Server Stability Update

As you will all have noticed, the server has been increasingly unstable lately and finally came to a point where it wouldn’t even stay alive for a day. Clearly not viable and very frustrating.
It was time to try something new, so I decided to spend some down time experimenting with kernels. However, I was unable to even finish compiling a kernel before it crashed again. Because I was now using a local console, I started spotting an odd “Disabling Interrupt #185” line being emitted shortly before every crash. Sitting just beside the server also allowed me to hear the faint click-click of a harddisk being reset, so the obvious conclusion was that this might be hardware related after all.

So, I pulled out the Promise controller used for the RAID array, which has been offline for a while anyway. I was instantly able to finish the kernel compilation, and the “would not last an hour”-kernel has now been operating for a whooping 3 hours.

This makes me hopeful that the cause for the instability problems finally has been located, and that brighter days lie ahead.

I’ll keep you updated, but right now I’m off to find a replacement for the defunct controller card..

Yet Another Kernel Crash

Linux crashed again – and I hit the reset button at 5:30 am on my way out of the door for two days.

Unfortunately, Gentoo seems to be loading modules in a weird way (that is, not in the order in which they are listed in the modules.autoload files, which is how it used to be), because the network interface cards got switched again. So despite the server actually coming back up at 5:35, I wasn’t able to replug the network cables until I got back. Sorry all for the inconvenience.
I am actually considering dumping the entire setup – it’s no fun running an ill-behaved server. I’ve upgraded to the latest kernel and VServer 2.1.0 final – lets see if that is able to stay alive for more than a few days.

Another kernel oops

I believe it is time to get rid of ReiserFS on the server. It seems that all of the recent crashes have been in the reiserfs_clear_inode method, and it’s the only hint I’m able to extract from the kernel dumps as to what could be wrong. ReiserFS used to be very fast and rock stable (even on 64-bit), so I’m surprised it has devolved again.

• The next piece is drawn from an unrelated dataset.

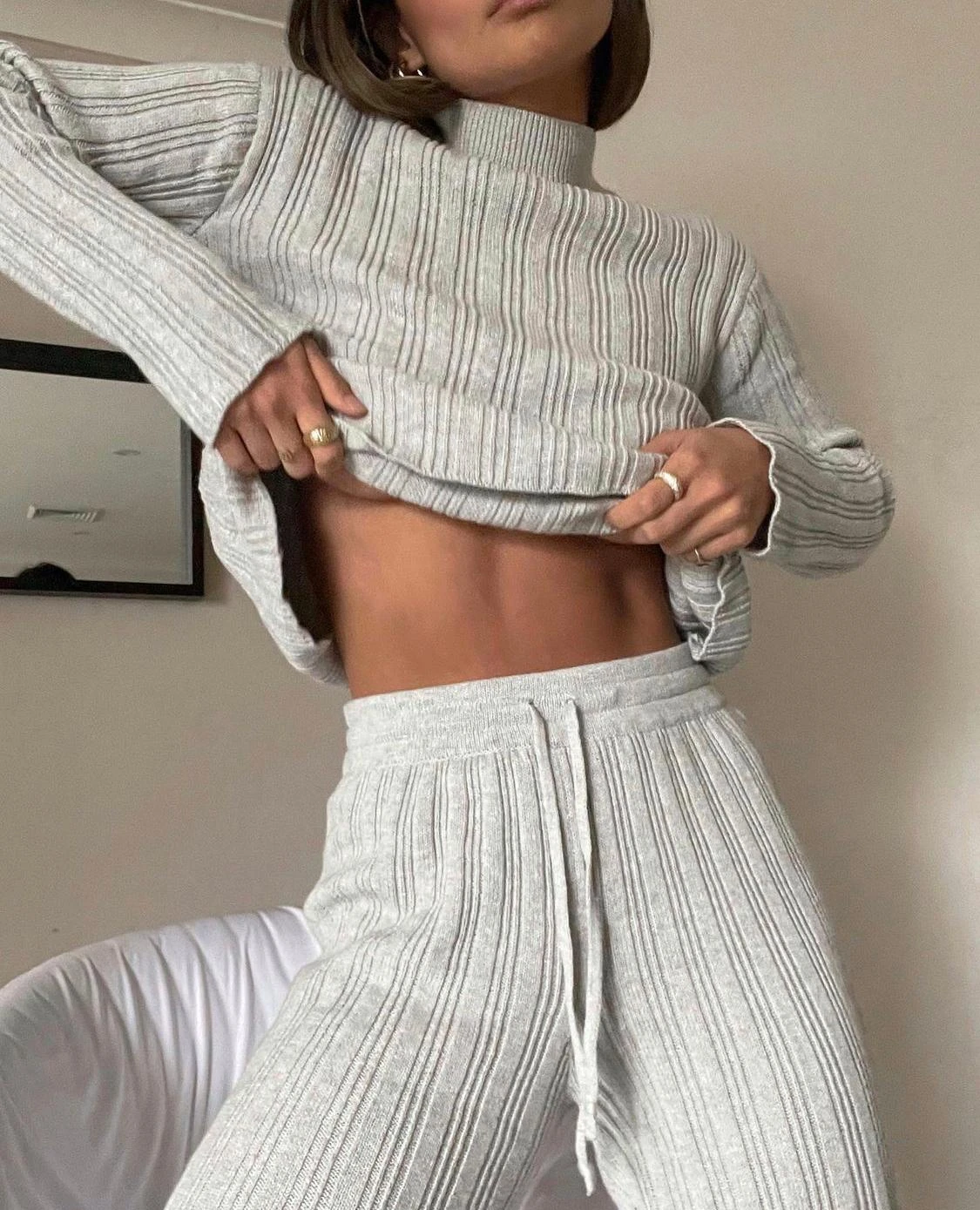 Featuring an elasticated waistband with drawstring detailing, our signature Ophelia Knit rib, a straight leg and ruffle edge finish, the Zahara Knit Pants are ultra chic without compromising in comfort.
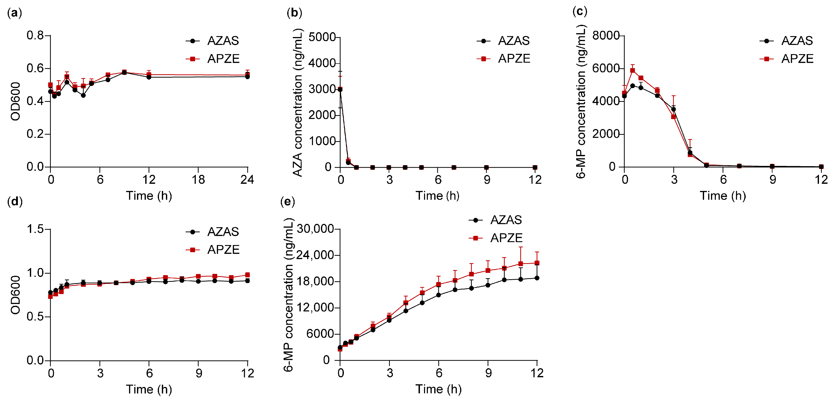Chicago/Turabian StyleZhang, Jingjing, Jiaqi Han, Ning Sun, Yuhan Zhu, Dong Mei, and Libo Zhao. 2026. "Development and Application of an LC-MS/MS Method for Simultaneous Quantification of Azathioprine and Its Metabolites: Pharmacokinetic and Microbial Metabolism Study of a Colon-Targeted Nanoparticle" Pharmaceuticals 19, no. 1: 58. https://doi.org/10.3390/ph19010058

However, now that Hans Reiser looks set to spend 20 years behind bars (for the alleged murder of his wife), one might as well smell the coffee and move to a more reliable alternative.

Nov 9 03:10:47 harmony Unable to handle kernel NULL pointer dereference at 0000000000000001 RIP:
Nov 9 03:10:47 harmony {reiserfs_clear_inode+63}
Nov 9 03:10:47 harmony PGD 14d10067 PUD 6d6d7067 PMD 0
Nov 9 03:10:47 harmony Oops: 0002 [1]
Nov 9 03:10:47 harmony Pid: 152[#0], comm: kswapd0 Not tainted #2
Nov 9 03:10:47 harmony RIP: 0010:[] {reiserfs_clear_inode+63}

Nov 9 10:06:36 harmony Memory: 3025952k/3145408k available (2311k kernel code, 118568k reserved, 854k data, 168k init)
So, the server was offline for roughly 7 hours this time. Clearly not the stability one was used to from Linux :-(